To estimate ${\displaystyle \mathbf {K} }$, we either use known pedigree structure to define ${\displaystyle \mathbf {K} }$ or else use the empirical estimator

${\displaystyle \mathbf {K} ={\frac {1}{l}}\sum _{i=1}^{l}{(G_{i}-2f_{i}\mathbf {1} )(G_{i}-2f_{i}\mathbf {1} ) \over 4f_{i}(1-f_{i})}}$,

where ${\displaystyle l}$ is the count of variants, ${\displaystyle G_{i}}$ and ${\displaystyle f_{i}}$ are the genotype vector and estimated allele frequency for the ${\displaystyle i^{th}}$ variant, respectively. Each element in ${\displaystyle G_{i}}$ encodes the minor allele count for one individual. Model parameters ${\displaystyle {\hat {\boldsymbol {\beta }}}}$, ${\displaystyle {\hat {\sigma _{g}^{2}}}}$ and ${\displaystyle {\hat {\sigma _{e}^{2}}}}$, are estimated using maximum likelihood and the efficient algorithm described in Lippert et. al.

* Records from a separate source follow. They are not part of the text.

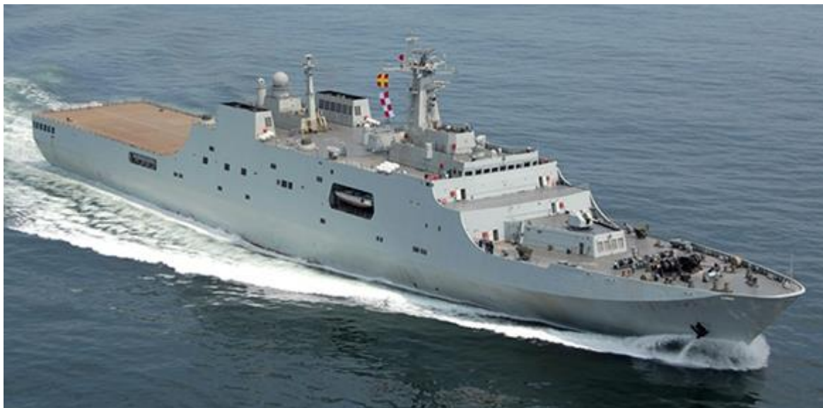
Figure 18. Yuzhao (Type 071) Amphibious Ship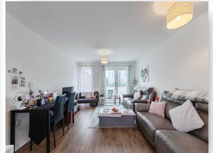
Woodview Rise, Blythe Valley Park Shirley B90 8DQ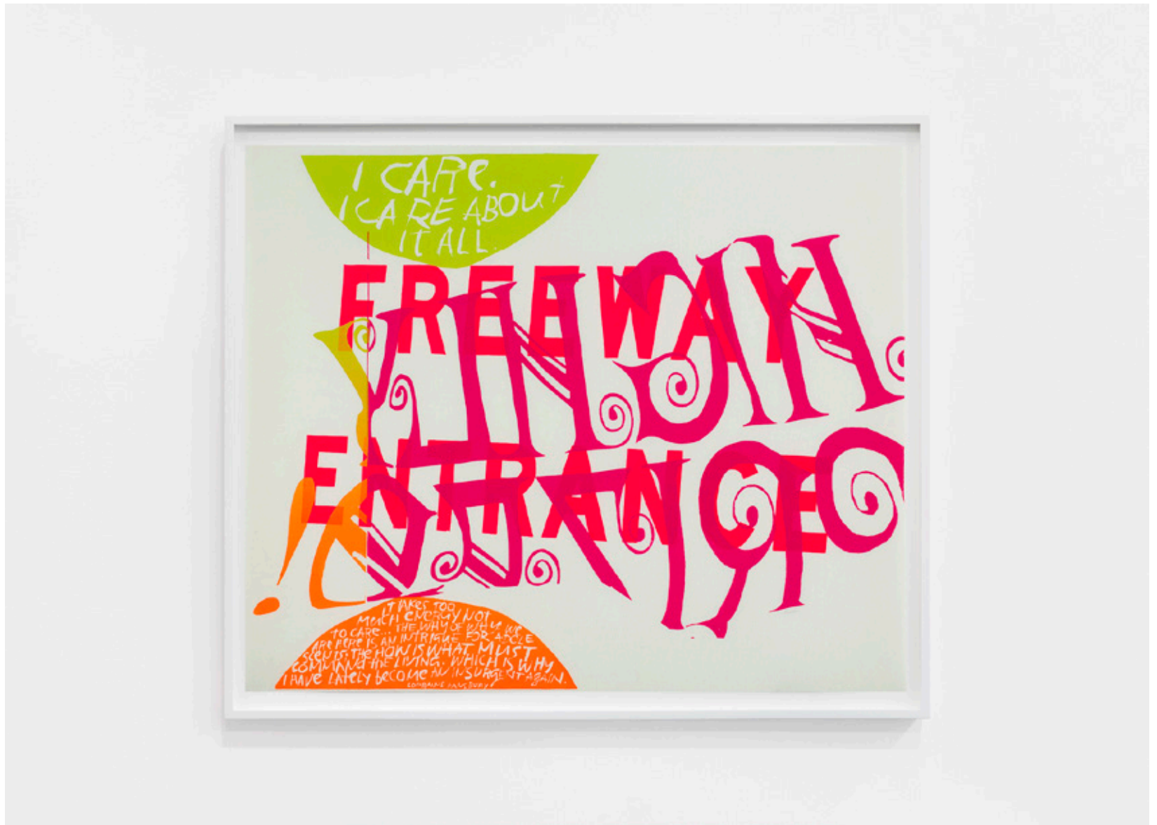
CORITA KENT highly prized, 1967

Screenprint 30 x 36 in (76.2 x 91.4 cm) Edition size unknown (Inv# CK20-024.a)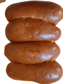
CHALLAH HOTDOG, 8/PK 1242

INGREDIENTS: Unbleached unbromated wheat flour, filtered water, whole eggs, unrefined corn oil, wildflower honey, sea salt, yeast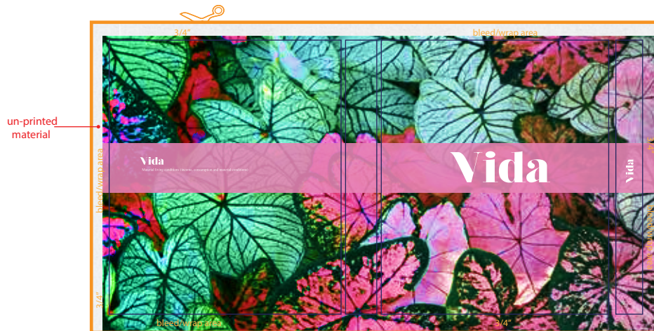
Incorrect placement of artwork on template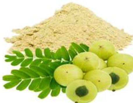
Fig No. 3- Amla

Amla improve the tone of hair dyes. It promotes healthy hair growth. It condition scalp. It minimize grays. It boost volume of hair. It treat dandruff and head lice. (6)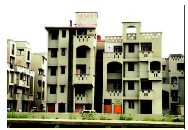
MIG Flats at Vasant Kunj

The landscape plan for Mega Housing was prepared on the basis of existing Master-Plan and location of built blocks on site. Proceeding from the given restraints on site, the latest requirements, fire tender access, etc were incorporated, and layout was designed to provide identity to each cluster and common areas.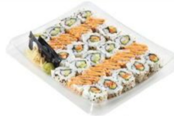
BENTO SUSHI FAMILY PACK SELECTED VARIETIES, 545-700 G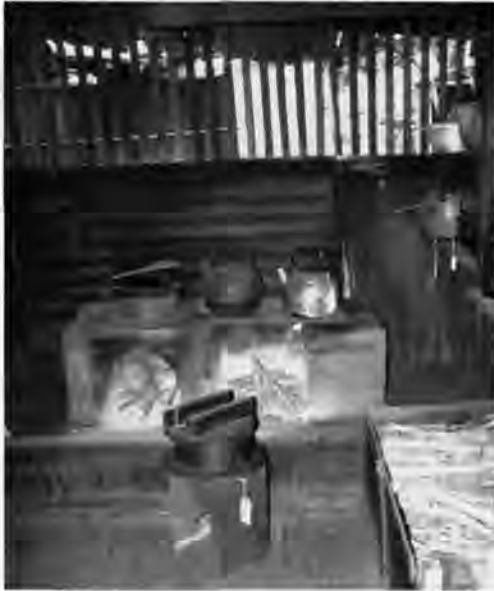
Uchida Coffee Farm kitchen with a traditional Japanese open hearth. The woodbox is at right.

The multi-ethnic and multi-cultural community that shaped what we now refer to as Kona's "coffee lifestyle" is still very much alive in the district. Second generation Japanese Americans ( Nisei ) born on coffee farms continue to farm the lands cleared and planted by their parents as do Filipinos, Hawaiians, and Portuguese. After decades of hardship and struggle by these early pioneers, Kona coffee now ranks itself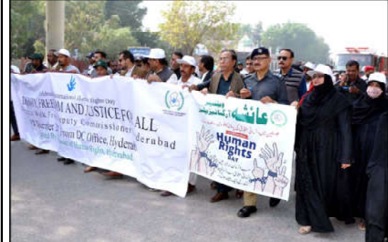
HYDERABAD: Participants are holding awareness walk on the eve of International Human Rights Day organized by Directorate of Human Rights Hyderabad, in Hyderabad.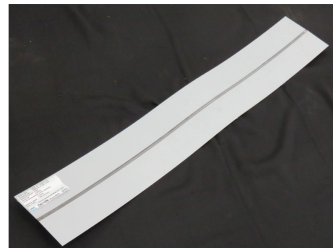
亜鉛めっき鋼板 板厚:0.5mm 突合せ溶接 溶接電流:75A 溶接速度:2.5m/min

■溶接電源:WB-F300P ■送給装置:AFT-4211 ■ロボット:FD-V6 • Welding power source: WB-F300P • Feed system: AFT-4211 • Robot: FD-V6

For convenience, let the estimated covariance matrix of ${\displaystyle \mathbf {y} }$ be ${\displaystyle {\hat {\boldsymbol {\Omega }}}={\hat {\sigma _{g}^{2}}}\mathbf {K} +{\hat {\sigma _{e}^{2}}}\mathbf {I} }$.

Chromosome X

To analyze markers on chromosome X, we fit an extra variance components ${\displaystyle {{\sigma _{g}}_{X}}^{2}}$, to model the variance explained by chromosome X. A kinship for chromosome X, ${\displaystyle {\boldsymbol {K_{X}}}}$, can be estimated either from a pedigree, or from genotypes of marker from chromosome X. Then the estimated covariance matrix can be written as ${\displaystyle {\hat {\boldsymbol {\Omega }}}={\hat {\sigma _{g}^{2}}}\mathbf {K} +{\hat {{\sigma _{g}}_{X}^{2}}}\mathbf {K_{X}} +{\hat {\sigma _{e}^{2}}}\mathbf {I} }$.